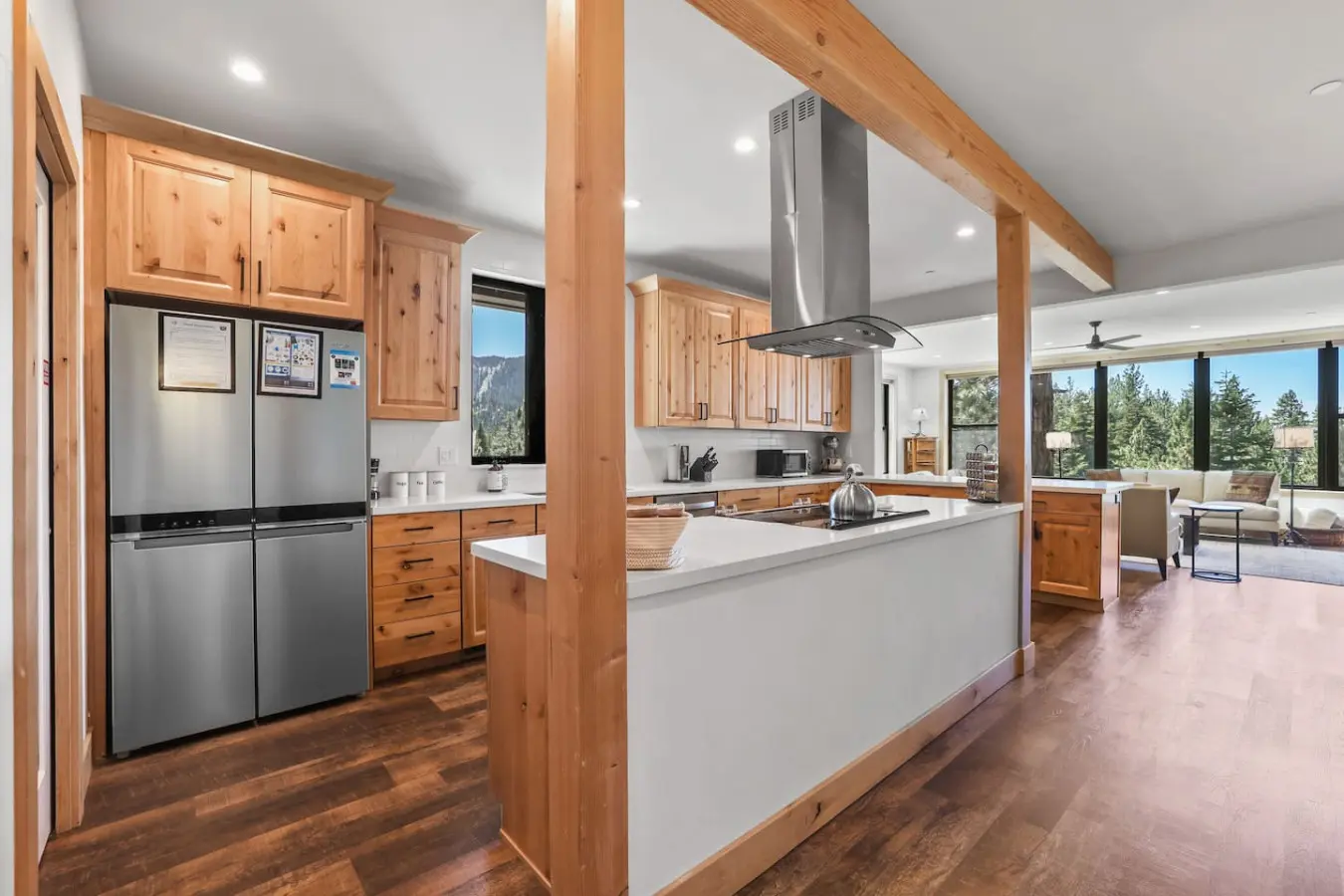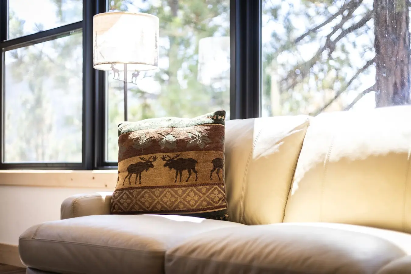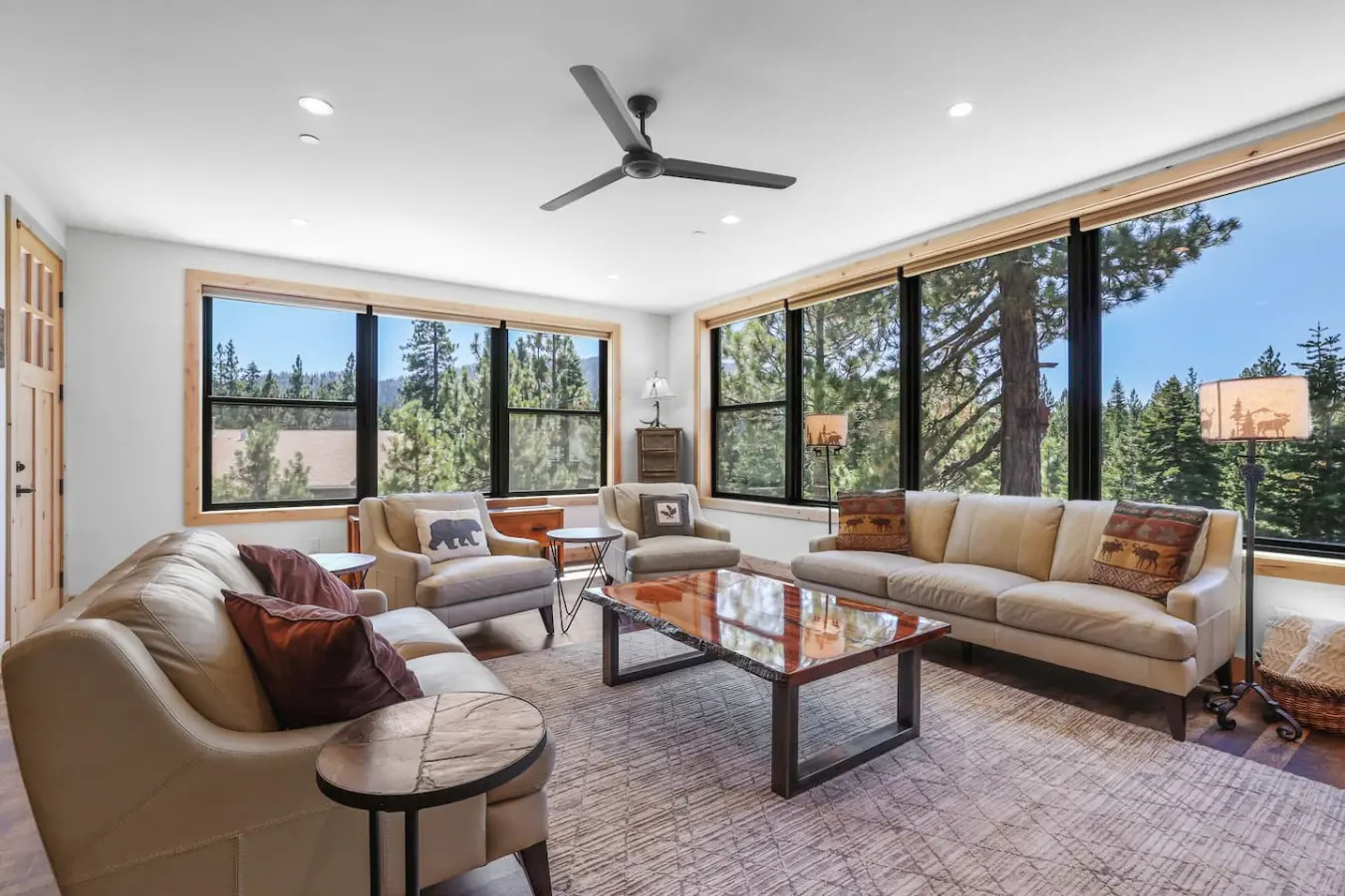 – A spacious living room that features floor-to-ceiling windows, offering stunning forest views
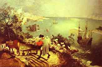 How it takes placeThis piece was written for a concert by the Belgian ensemble Champ d'Action, on the theme of Music & Architecture. The concert was organised on the occasion of the opening of a new building by the Belgian architect Stephane Beel. The starting points of "How it takes place" are notions like "space, place and distance". These concepts are treated literally -as physically moving in space- and figuratively -as in the spoken language where you have expressions like "a close friend" or "to be distant to someone". The latter aspect is reflected in the relationships among the musicians on the stage. Therefor "How it takes place" can also be considered as music theatre. During the performance, the musicians act as in daily life: open windows, smoke cigarettes, turn the pages of the score of an other musician,… Distance and space are also interpreted in a musical sense: large differences in dynamics, tempo and timbre give the listener the impression that the instruments are physically far away from each other. In short: the interaction between this physical, musical and social/emotional interpretation of distance is what the piece is all about. The title "How it takes place" is extracted from the poem "Musée des Beaux Arts" of W.H. Auden, at its turn referring to "The Fall of Icarus" by Breughel. The spectator is drawn to the spatial effect of the composition: distant mountains, a boat sailing on the sea and a farmer working in the foreground. In the bottom right-hand corner -only a small detail- two legs of a drowning Icarus disappear in the sea. Apart from the references to death and sufferance, the painting and the poem give a good impression of the atmosphere in "How it takes place": some musicians play solo while others play together, smoke cigarettes or have already left the stage. live-recording and score available at the Logos Foundation
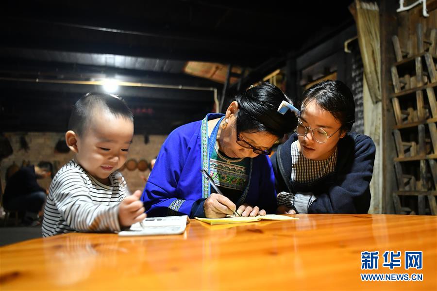 在乌英苗寨,送教老师吴小舒(右)辅导67岁的梁英迷写作业(9月11日摄)。 新华社记者 李鑫 摄
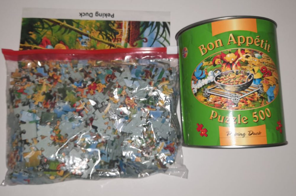 This is a small, but a very rare puzzle that Heye manufactured in 2001. The title is Peking Duck, by the German cartoonist Michael Ryba. Like most old Heye puzzles, it is now very difficult to find.
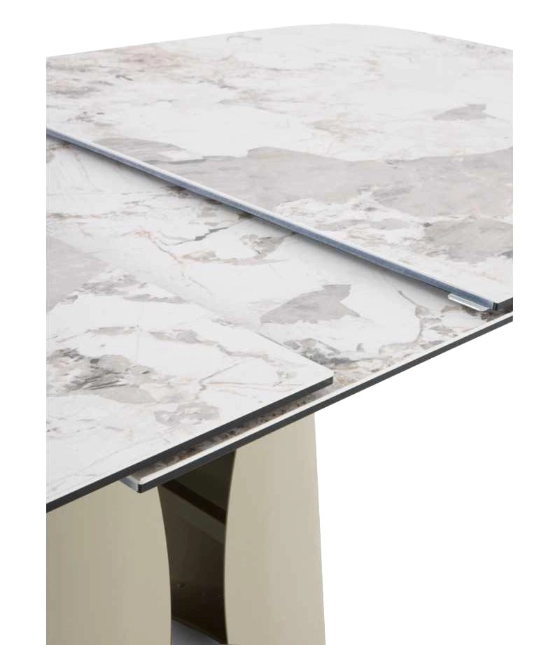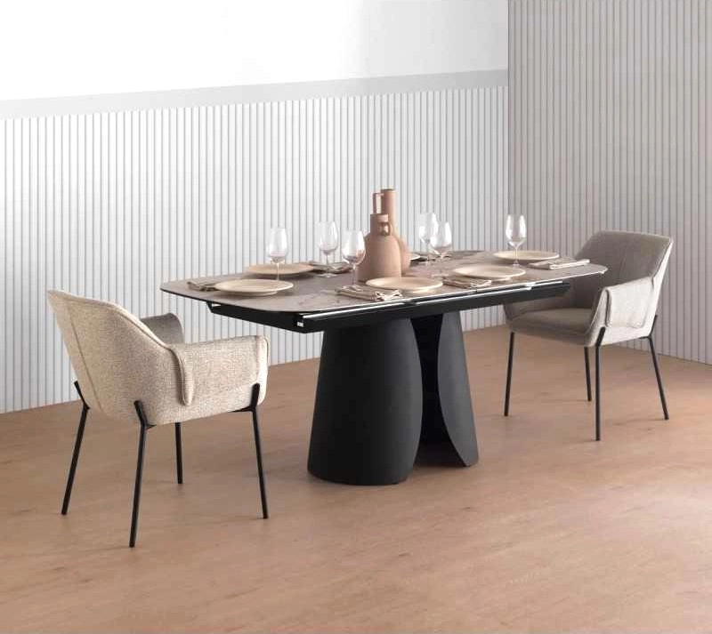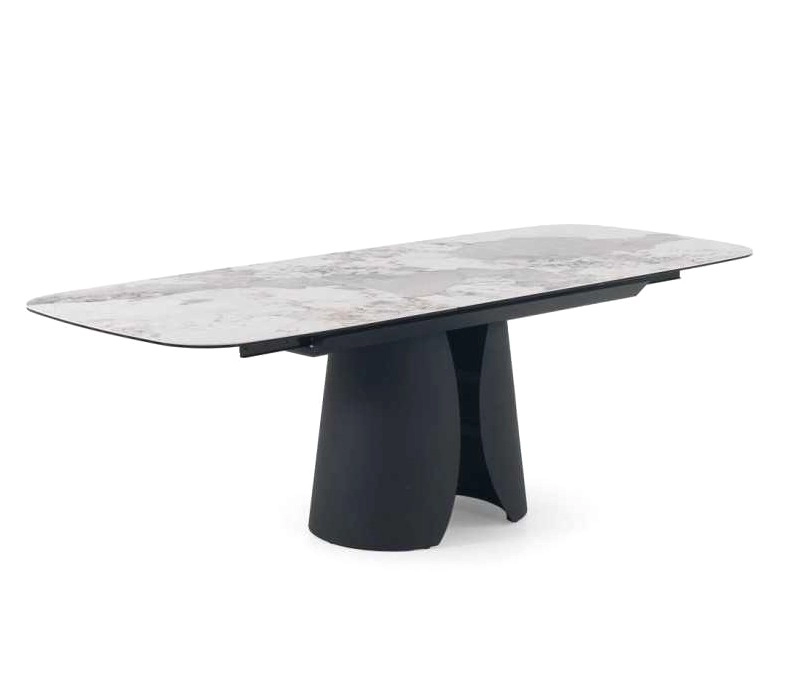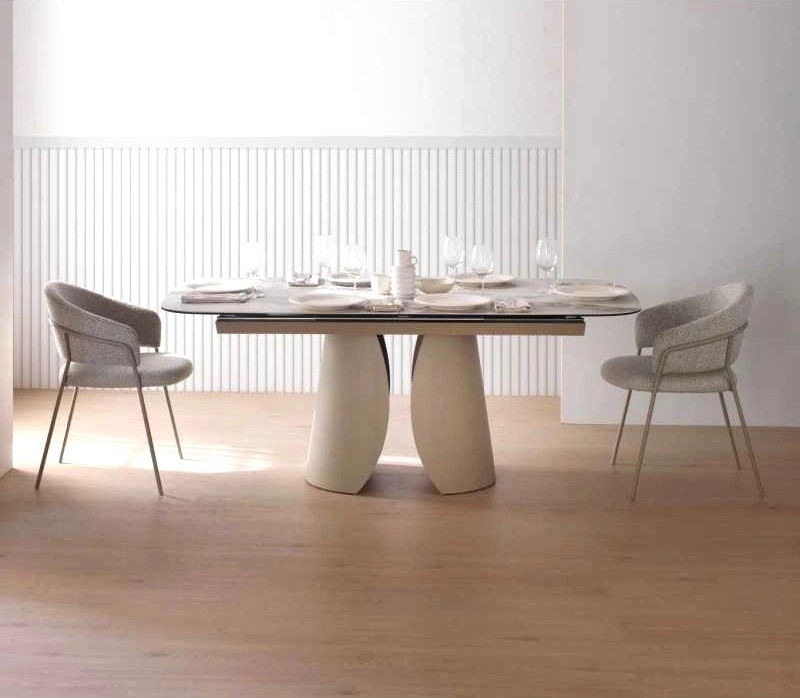 Mesa Oásis extensível com formato retangular com cantos arredondados.
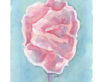 Cotton Candy Print - Pink Cotton Candy Watercolor Painting - Carnival Food Illustration Watercolor Painting, 8x10 Print
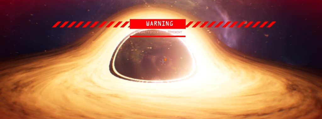 To conclude the star’s lifecycle in a compelling way, this phase takes narrative inspiration from the time loop mechanic featured in Outer Wilds. When the black hole reaches a critical size, screen shakes intensify, the vignette color shifts from blue to red, and a warning UI appears: “Spaghettification Imminent” — a scientifically accurate term referencing the extreme tidal forces near a black hole.
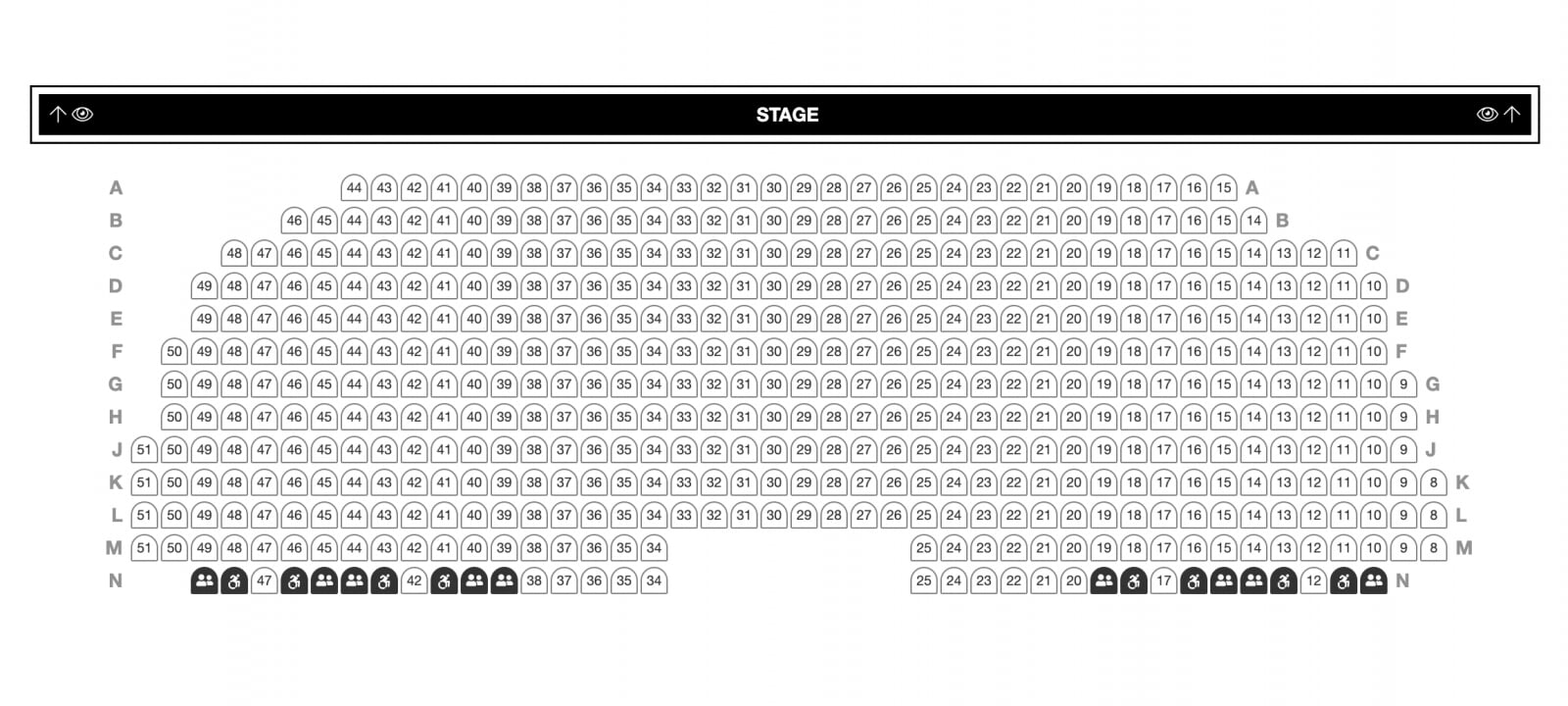 For detailed seat planning, refer to the easy-to-use interactive seating chart online when selecting your seats for a reserved seated show.
^^^^^^^^^^^^^^^^
PROBLEM TO WORK ON:
Reproduce the listing verbatim, and keep the pictures out of the copy.

SOLUTION FOR THIS PROBLEM:
 – A spacious living room that features floor-to-ceiling windows, offering stunning forest views
 How it takes placeThis piece was written for a concert by the Belgian ensemble Champ d'Action, on the theme of Music & Architecture. The concert was organised on the occasion of the opening of a new building by the Belgian architect Stephane Beel. The starting points of "How it takes place" are notions like "space, place and distance". These concepts are treated literally -as physically moving in space- and figuratively -as in the spoken language where you have expressions like "a close friend" or "to be distant to someone". The latter aspect is reflected in the relationships among the musicians on the stage. Therefor "How it takes place" can also be considered as music theatre. During the performance, the musicians act as in daily life: open windows, smoke cigarettes, turn the pages of the score of an other musician,… Distance and space are also interpreted in a musical sense: large differences in dynamics, tempo and timbre give the listener the impression that the instruments are physically far away from each other. In short: the interaction between this physical, musical and social/emotional interpretation of distance is what the piece is all about. The title "How it takes place" is extracted from the poem "Musée des Beaux Arts" of W.H. Auden, at its turn referring to "The Fall of Icarus" by Breughel. The spectator is drawn to the spatial effect of the composition: distant mountains, a boat sailing on the sea and a farmer working in the foreground. In the bottom right-hand corner -only a small detail- two legs of a drowning Icarus disappear in the sea. Apart from the references to death and sufferance, the painting and the poem give a good impression of the atmosphere in "How it takes place": some musicians play solo while others play together, smoke cigarettes or have already left the stage. live-recording and score available at the Logos Foundation
 在乌英苗寨,送教老师吴小舒(右)辅导67岁的梁英迷写作业(9月11日摄)。 新华社记者 李鑫 摄
 This is a small, but a very rare puzzle that Heye manufactured in 2001. The title is Peking Duck, by the German cartoonist Michael Ryba. Like most old Heye puzzles, it is now very difficult to find.
 Mesa Oásis extensível com formato retangular com cantos arredondados.
 Cotton Candy Print - Pink Cotton Candy Watercolor Painting - Carnival Food Illustration Watercolor Painting, 8x10 Print
 To conclude the star’s lifecycle in a compelling way, this phase takes narrative inspiration from the time loop mechanic featured in Outer Wilds. When the black hole reaches a critical size, screen shakes intensify, the vignette color shifts from blue to red, and a warning UI appears: “Spaghettification Imminent” — a scientifically accurate term referencing the extreme tidal forces near a black hole.
 For detailed seat planning, refer to the easy-to-use interactive seating chart online when selecting your seats for a reserved seated show.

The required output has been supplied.